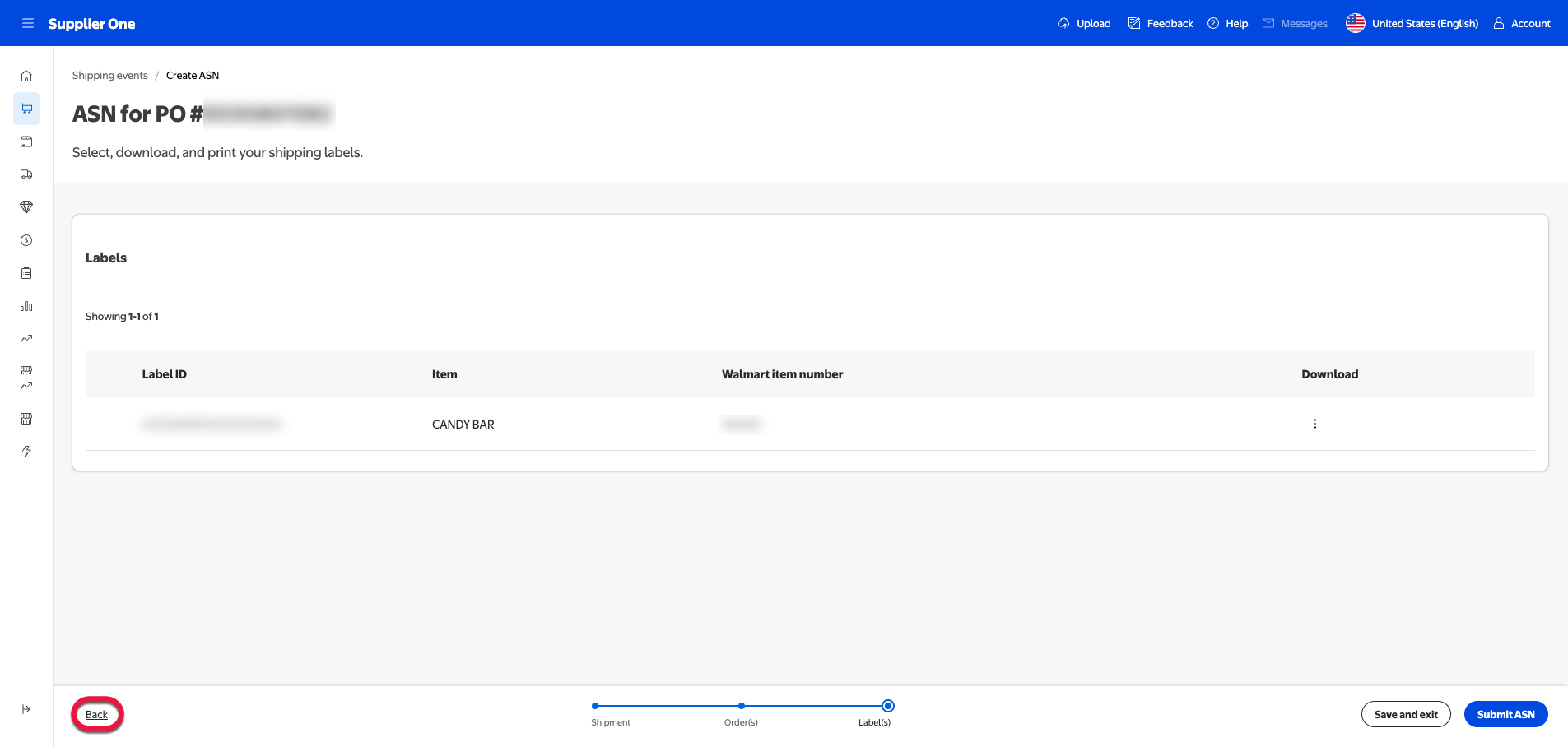 Select Create ASN next to the location number you’d like to create an ASN for. This opens the Create ASN page so you can start the ASN label creation process for this PO for this location.
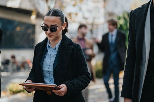 A stylish professional woman wearing sunglasses and a dark coat carries a tablet while walking on a city street. Busy colleagues in the background suggest a dynamic, modern workday environment.
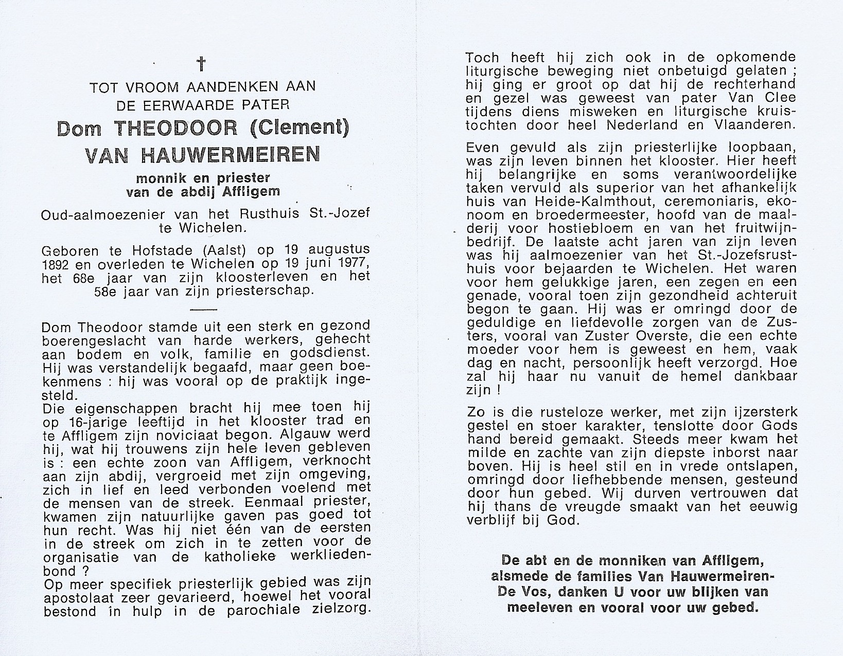 Overlijden van een broer | Charles Clement Van Hauwermeiren 19 juni 1977 (Leeftijd 80 jaar) |
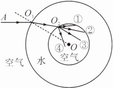 15. 在天宫课堂中,航天员王亚平将空气注入水球,形成的气泡球与水球的球心都在O点。一束光从空气射入水球的光路如图所示,其中球心O与入射点O₁的连线为法线。则进入气泡球的折射光线可能为(
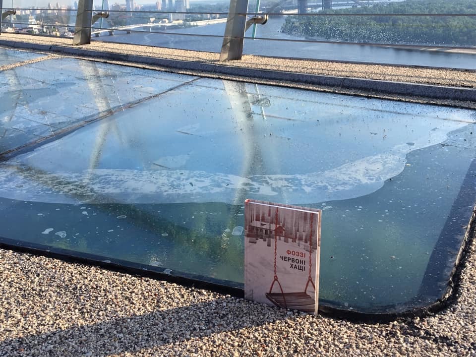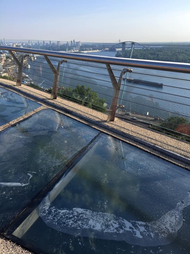 «Під усім склом вода і химерні грязьові «розводи» між шарами. І не дивно, бо між покриттям мосту й склом є зазор сантиметрів півтора-два (в один із них для наочності встромлено творіння Фоззі)», – уточнив автор поста.
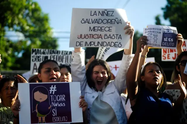 En los carteles que portaban se leían mensajes como "las niñas no se tocan, ni se violan, ni se matan" o "la justicia salvadoreña le ha fallado a la niñez por muchos años. ¡Basta ya!".
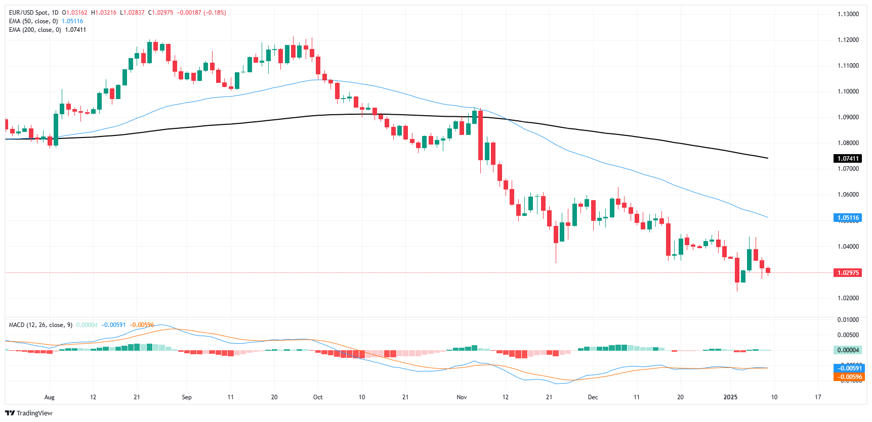 周四,欧元/美元进一步进入看跌区域,下跌了微不足道但持续的0.1%,并将𧹒盘限制在1.0300关口附近,货币对在26个月低点附近徘徊。
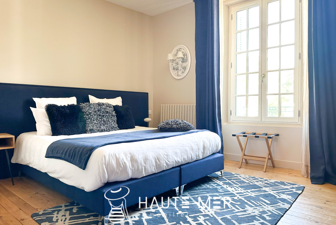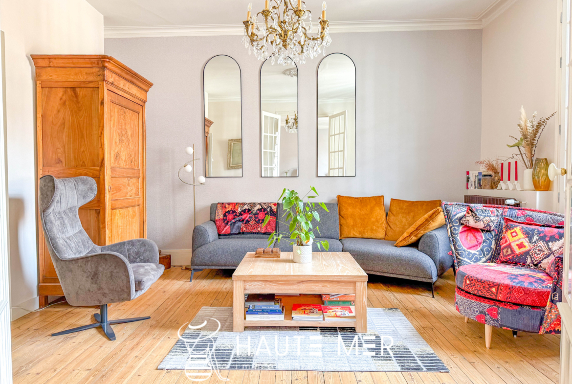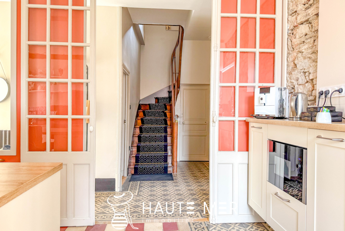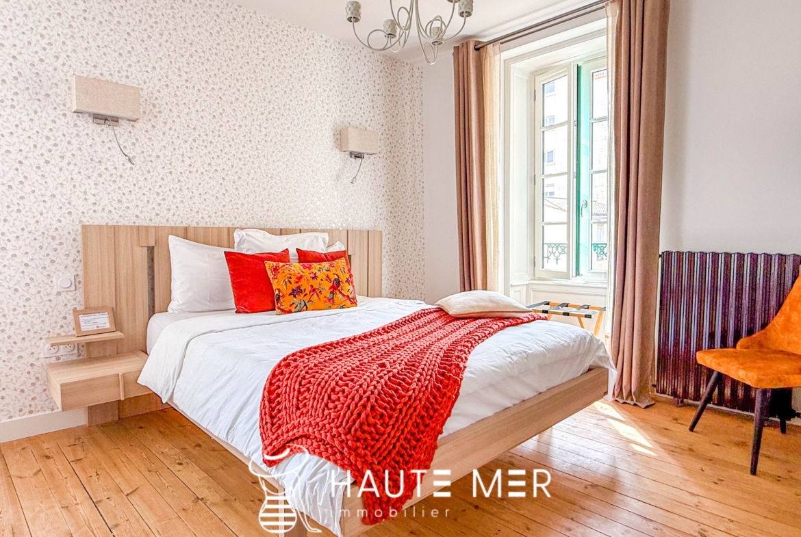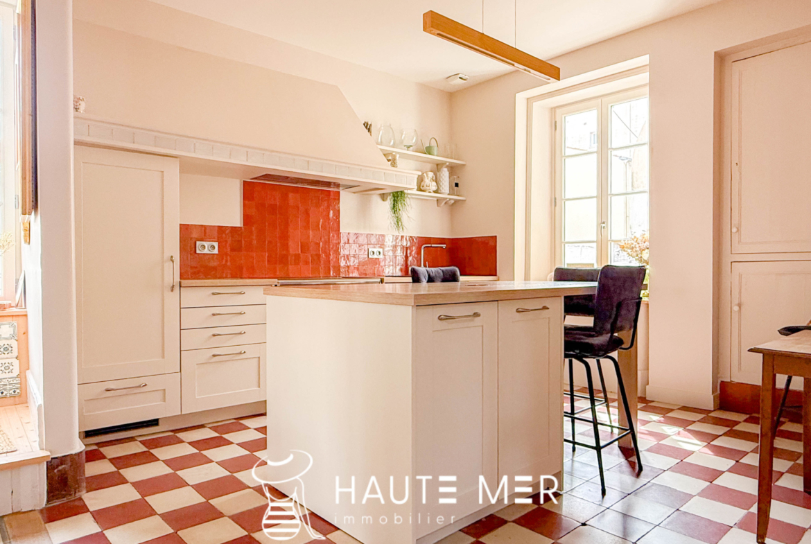À moins de 150 mètres de la grande plage, dans une rue paisible qui mène en quelques instants vers l’effervescence du marché Arago et la vitalité du centre-ville, se dévoile un ensemble immobilier unique composé de deux maisons sablaises indépendantes. Ici, l’authenticité des demeures d’époque dialogue avec l’élégance d’une rénovation soignée, conjuguant le confort du moderne et le charme intemporel de l’ancien. La maison principale, figure de caractère, se déploie avec aisance sur trois niveaux. Le rez-de-chaussée s’ouvre par une entrée qui conduit vers un vaste espace de vie d’environ 60 m2. Cuisine dînatoire, salle à manger et salon s’y rencontrent dans une atmosphère chaleureuse, sublimée par une hauteur sous plafond généreuse, des moulures délicates et un parquet ancien qui témoigne du temps passé. Cet étage se complète d’un bureau intimiste.À l’étage supérieur, l’élégance se poursuit avec quatre belles chambres, chacune dotée de sa propre salle d’eau, toutes baignées de lumière et bénéficiant d’une belle hauteur sous plafond qui confère aux lieux une impression d’espace et de fluidité. Une buanderie fonctionnelle et une cinquième suite viennent compléter la maison pensée pour le confort du quotidien. Les combles, offrent un stockage supplémentaire. La seconde maison, également édifiée sur trois niveaux, s’inscrit comme un lieu à part entière. Une cuisine dînatoire et un salon y occupent le rez-de-chaussée. Les étages révèlent deux chambres, chacune prolongée par sa salle d’eau, et un bureau, offrant la possibilité d’accueillir famille, amis en toute indépendance. En extérieur, une cour discrète se dévoile, véritable écrin pour les soirées estivales, où l’on imagine des dîners prolongés ou de doux moments de repos à l’abri des regards. Deux places de stationnement viennent sécuriser et compléter l’ensemble. À seulement 30 mètres, un garage à louer parachève le confort et la praticité du quotidien. Les atouts de ces deux propriétés sont multiples et rares : volumes généreux, belle hauteur sous plafond, parquet ancien, murs en pierre, carreaux de ciment et finitions élégantes. Chaque détail a été pensé pour préserver l’âme de la maison tout en offrant le standing et la fonctionnalité que l’on attend d’une rénovation contemporaine de qualité. Un lieu de vie singulier, où l’histoire et l’élégance des demeures sablaises rencontrent le confort moderne, à deux pas de l’océan et du cœur vibrant des Sables d’Olonne.
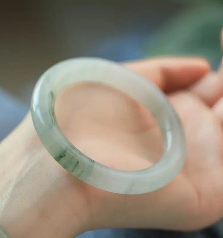 2023 Nova Pulseira de Jade Tianshan de Xinjiang Pulseira de Jade Dourada Cor Verde Gelo Pulseira Redonda para Presente de Aniversário da Namorada
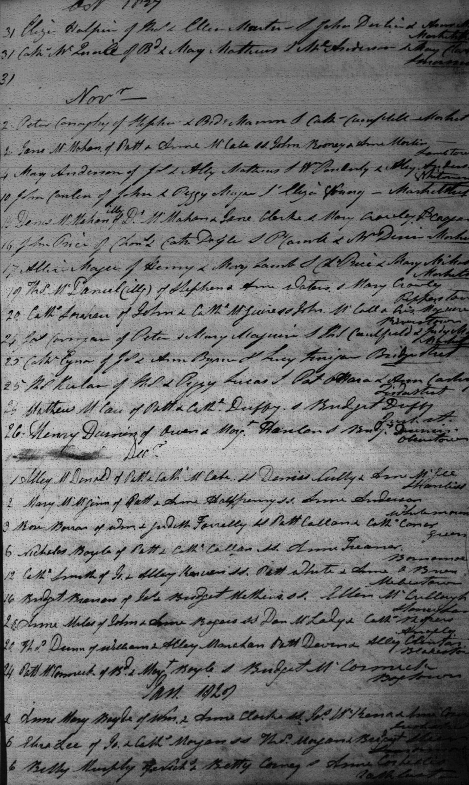 Betty Murphy Daughter of Nicholas and Betty (nee Carney) Murphy Baptized Jan. 6, 1828
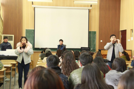 課堂的第一部分由沈老師向到場的幾十位音樂系專業(yè)學生詳細講解陶笛的歷史并親自進行陶笛吹奏示范!
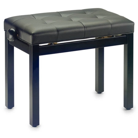 Siedzisko o wymiarach 55 × 33 cm pokryte zostało wysokiej jakości czarnym winylem, co zapewnia komfort podczas gry oraz łatwość czyszczenia. Dzięki regulacji wysokości (śruba rzymska) w zakresie 49–56 cm, ławę można dopasować do indywidualnych potrzeb każdego muzyka.
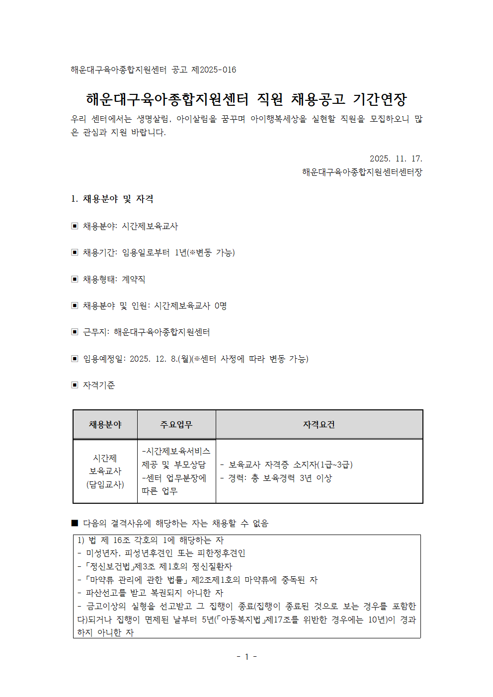 [해운대구육아종합지원센터] 직원(시간제보육교사) 채용공고 기간연장
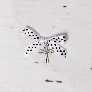 Cruciulitele cu pietricica bleu si fundita alba cu buline sunt accesorii de botez perfecte pentru primul eveniment important din viata finutului tau.

■ ■ ■ ■ ■

* [Exercise requirements]
Every line above from the one with "Overlijden van een" down to the one with "周四,欧元/美元进一步进入看" must be written out exactly, and no picture may appear.

* [Result for this task]
 Overlijden van een broer | Charles Clement Van Hauwermeiren 19 juni 1977 (Leeftijd 80 jaar) |
 15. 在天宫课堂中,航天员王亚平将空气注入水球,形成的气泡球与水球的球心都在O点。一束光从空气射入水球的光路如图所示,其中球心O与入射点O₁的连线为法线。则进入气泡球的折射光线可能为(
 «Під усім склом вода і химерні грязьові «розводи» між шарами. І не дивно, бо між покриттям мосту й склом є зазор сантиметрів півтора-два (в один із них для наочності встромлено творіння Фоззі)», – уточнив автор поста.
 En los carteles que portaban se leían mensajes como "las niñas no se tocan, ni se violan, ni se matan" o "la justicia salvadoreña le ha fallado a la niñez por muchos años. ¡Basta ya!".
 周四,欧元/美元进一步进入看跌区域,下跌了微不足道但持续的0.1%,并将𧹒盘限制在1.0300关口附近,货币对在26个月低点附近徘徊。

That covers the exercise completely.